Адам жадно затянулся дымом. Габриэль иногда думал, что после того, как курение в общественных местах поставили вне закона, после того, как запретили курить на улицах и стали внушать людям, что табачный дым неприемлем в любом из домов Англии, после того, как в магазинах перестали продавать сигареты, курение осталось по-настоящему доступным лишь обитателям сумасшедших домов.
— Ты женат? — спросил Адам.
— Ты же меня знаешь. Я не люблю спешить, — ответил Габриэль.
— Тебе можно жениться. Ты можешь взять трех жен. Но тогда тебе придется хранить им верность.
— Конечно.
— Если не сохранишь, если станешь спать с чужой женой, тебя будет ждать кара.
— Я не стану.
— Вечная кара. В огне.
— Ты получил новые указания?
Адам не обратил на этот вопрос никакого внимания.
— Кто с тобой говорил? — спросил Габриэль.
В самом начале недуга Адама, еще до того, как хоть кто-то понял, насколько серьезно он болен, Габриэль верил его рассказам о странных встречах, о гостях, которые приходили к нему, о получаемых им указаниях. Если некоторые подробности этих рассказов вступали в противоречие одна с другой или выглядели притянутыми за уши, Габриэль решал — поначалу, — что брат просто преувеличивает. А после, когда стало ясно, что Адама посещают галлюцинации, Габриэль попытался докопаться до самого дна его личной мифологии, полагая, что этот его воображаемый мир должен обладать какой-то структурой и что, отыскав ее, а затем изучив, он сможет лучше понять брата и помочь ему.
Однако все эти долгие годы иерархия тех, кто правил Адамом, оставалась неуяснимой, и сомнений не было только в одном — эти существа представлялись ему совершенно реальными. Кем бы и чем ни были для Габриэля Юстас Хаттон, клерк Сэмсон, владелец дома, в котором он жил, сборщик налогов, полиция, парламент, они не определяли всюего жизнь, не управляли всеми его мыслями с таким могуществом и непререкаемой авторитетностью, какими обладали властные фигуры из мира Адама. И порой Габриэлю казалось, что собственное его существование лишено, в сравнении с существованием брата, по-настоящему крепких основ.

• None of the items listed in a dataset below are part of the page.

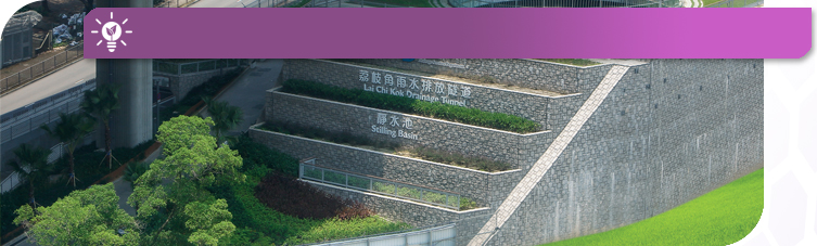 The Butterfly Valley Road Pet Garden, which was built on top of the LCKDT’s stilling basin, has been opened for the public’s enjoyment since March 2014. The area was originally reserved as the maintenance area. For the sake of better and more effective land use, DSD and the Leisure and Cultural Services Department joined hands to transform the land into Kowloon’s largest pet garden, with an area of 7,000 square metres.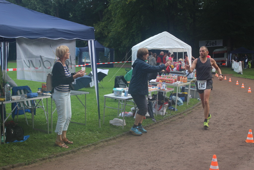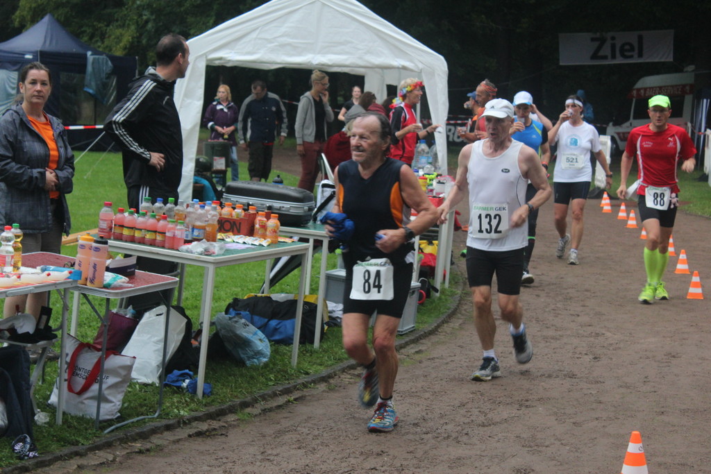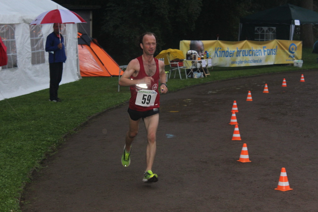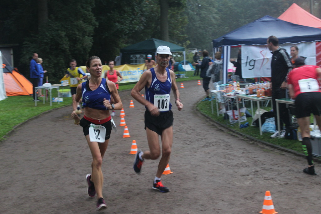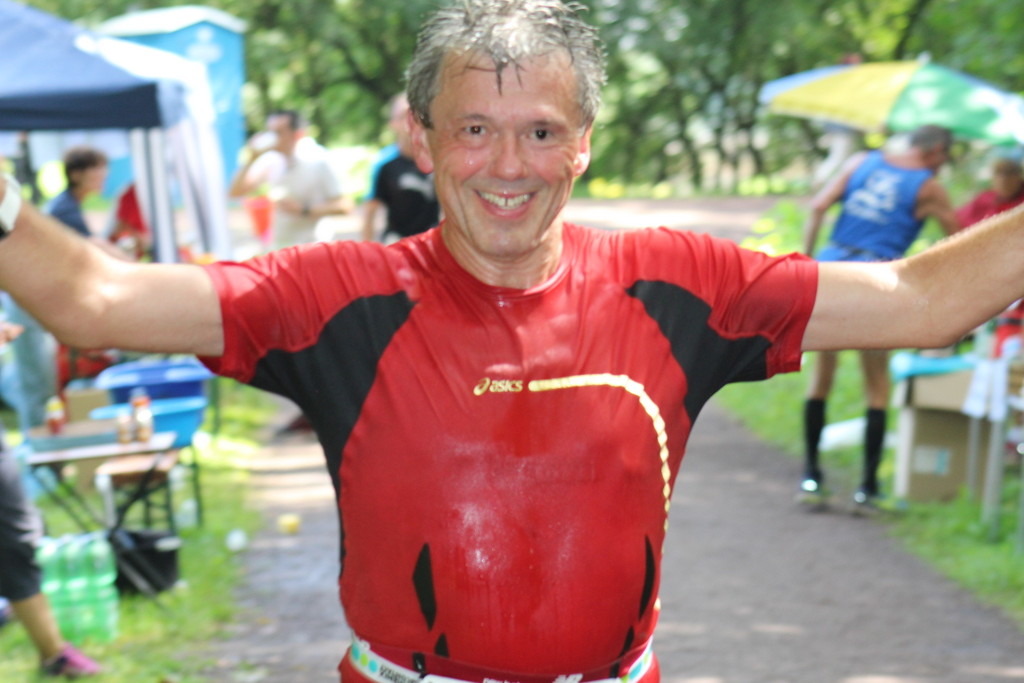 Roland Kraus hatte sehr zu kämpfen. Zum einen war er nach dem 100 Meilen-Mauerweglauf von letzter Woche noch nicht ganz fit, zum anderen litt er etwas unter dem Wetter. Den Umständen entsprechend zeigte er eine klasse Leistung und sicherte damit zusammen mit Peter und Walter den zweiten Platz in der Mannschaftswertung 50+.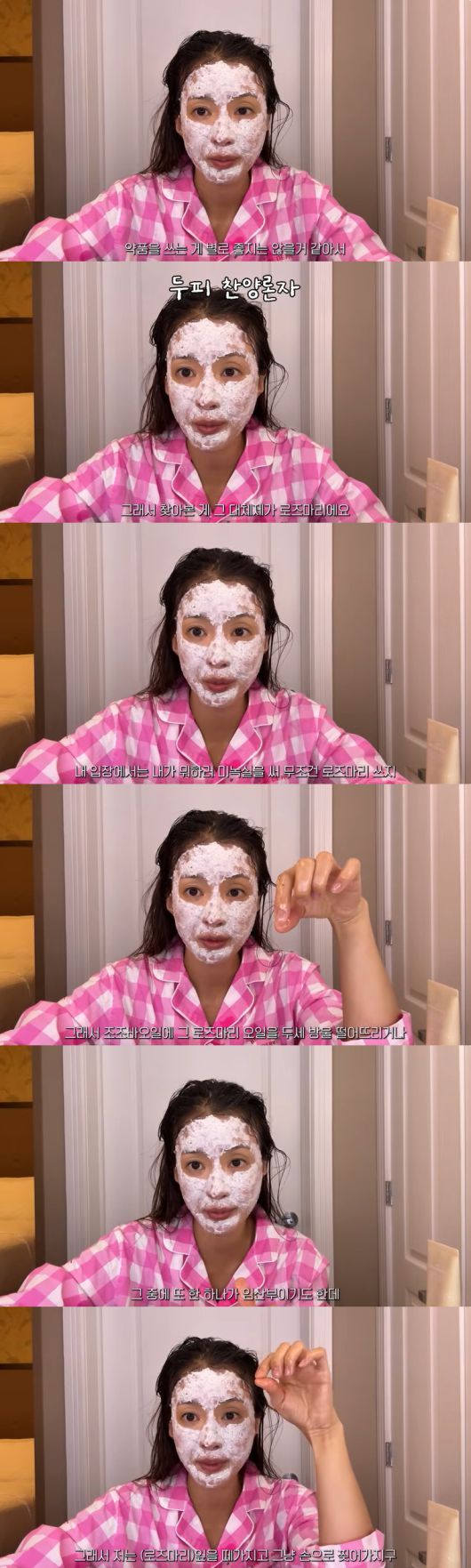 그는 "로즈마리 오일을 쓸 수 없는 몇 명의 군이 있지 않냐. 그중 하나가 임산부이기도 하다. 워낙 고농축이니까 임산부는 의사 선생님이랑 상의하라고 하는데, 저는 (로즈마리) 잎을 떼서 손으로 찢어서 오일에 섞어서 그냥 바른다. 그거는 또 괜찮다더라"며 오일 대신 잎을 사용한다고 전했다.

— Со мной говорил Вестник, — произнес Адам таким же ровным, лишенным эмоций тоном, каким он мог бы сообщить: «Со мной говорила медсестра».
— Понятно, — сказал Габриэль. — А от чьего имени?
— Ты знаешь, — ответил Адам.
Габриэль не знал. За пятнадцать лет болезни самодостаточный носитель окончательной истины из мифологии Адама получал в разное время разные имена, однако в последние годы отказался от них в пользу имени, которое всуе произносить не полагалось, но и не произносить было невозможно: простого «Тот».